• **The problem**
Using the string "also" as the key, pull each matching line out of the records below.

• **Data**
◆ ◆ ◆ ◆

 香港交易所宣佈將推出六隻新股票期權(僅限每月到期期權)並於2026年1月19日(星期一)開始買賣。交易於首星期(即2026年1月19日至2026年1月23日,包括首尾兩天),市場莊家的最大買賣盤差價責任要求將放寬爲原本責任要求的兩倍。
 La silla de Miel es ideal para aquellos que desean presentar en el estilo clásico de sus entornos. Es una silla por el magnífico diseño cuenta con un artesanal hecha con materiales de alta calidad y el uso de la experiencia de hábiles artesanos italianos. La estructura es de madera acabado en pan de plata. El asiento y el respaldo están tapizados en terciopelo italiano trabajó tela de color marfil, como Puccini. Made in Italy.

◆ ◆ ◆ ◆

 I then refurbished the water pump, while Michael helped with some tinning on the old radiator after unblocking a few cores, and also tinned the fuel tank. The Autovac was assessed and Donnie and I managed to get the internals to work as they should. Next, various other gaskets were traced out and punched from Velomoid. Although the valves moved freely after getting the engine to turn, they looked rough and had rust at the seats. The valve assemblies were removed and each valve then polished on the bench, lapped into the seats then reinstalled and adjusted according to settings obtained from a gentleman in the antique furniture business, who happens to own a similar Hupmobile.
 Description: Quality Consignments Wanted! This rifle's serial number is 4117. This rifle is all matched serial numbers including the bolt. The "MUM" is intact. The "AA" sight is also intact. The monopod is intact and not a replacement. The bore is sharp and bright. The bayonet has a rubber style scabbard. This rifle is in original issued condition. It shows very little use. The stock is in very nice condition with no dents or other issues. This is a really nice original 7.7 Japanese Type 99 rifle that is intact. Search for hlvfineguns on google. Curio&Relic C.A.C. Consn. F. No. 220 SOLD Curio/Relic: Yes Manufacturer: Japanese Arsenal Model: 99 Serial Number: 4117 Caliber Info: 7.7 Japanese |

◆ ◆ ◆ ◆

• **Output**
 I then refurbished the water pump, while Michael helped with some tinning on the old radiator after unblocking a few cores, and also tinned the fuel tank. The Autovac was assessed and Donnie and I managed to get the internals to work as they should. Next, various other gaskets were traced out and punched from Velomoid. Although the valves moved freely after getting the engine to turn, they looked rough and had rust at the seats. The valve assemblies were removed and each valve then polished on the bench, lapped into the seats then reinstalled and adjusted according to settings obtained from a gentleman in the antique furniture business, who happens to own a similar Hupmobile.
 Description: Quality Consignments Wanted! This rifle's serial number is 4117. This rifle is all matched serial numbers including the bolt. The "MUM" is intact. The "AA" sight is also intact. The monopod is intact and not a replacement. The bore is sharp and bright. The bayonet has a rubber style scabbard. This rifle is in original issued condition. It shows very little use. The stock is in very nice condition with no dents or other issues. This is a really nice original 7.7 Japanese Type 99 rifle that is intact. Search for hlvfineguns on google. Curio&Relic C.A.C. Consn. F. No. 220 SOLD Curio/Relic: Yes Manufacturer: Japanese Arsenal Model: 99 Serial Number: 4117 Caliber Info: 7.7 Japanese |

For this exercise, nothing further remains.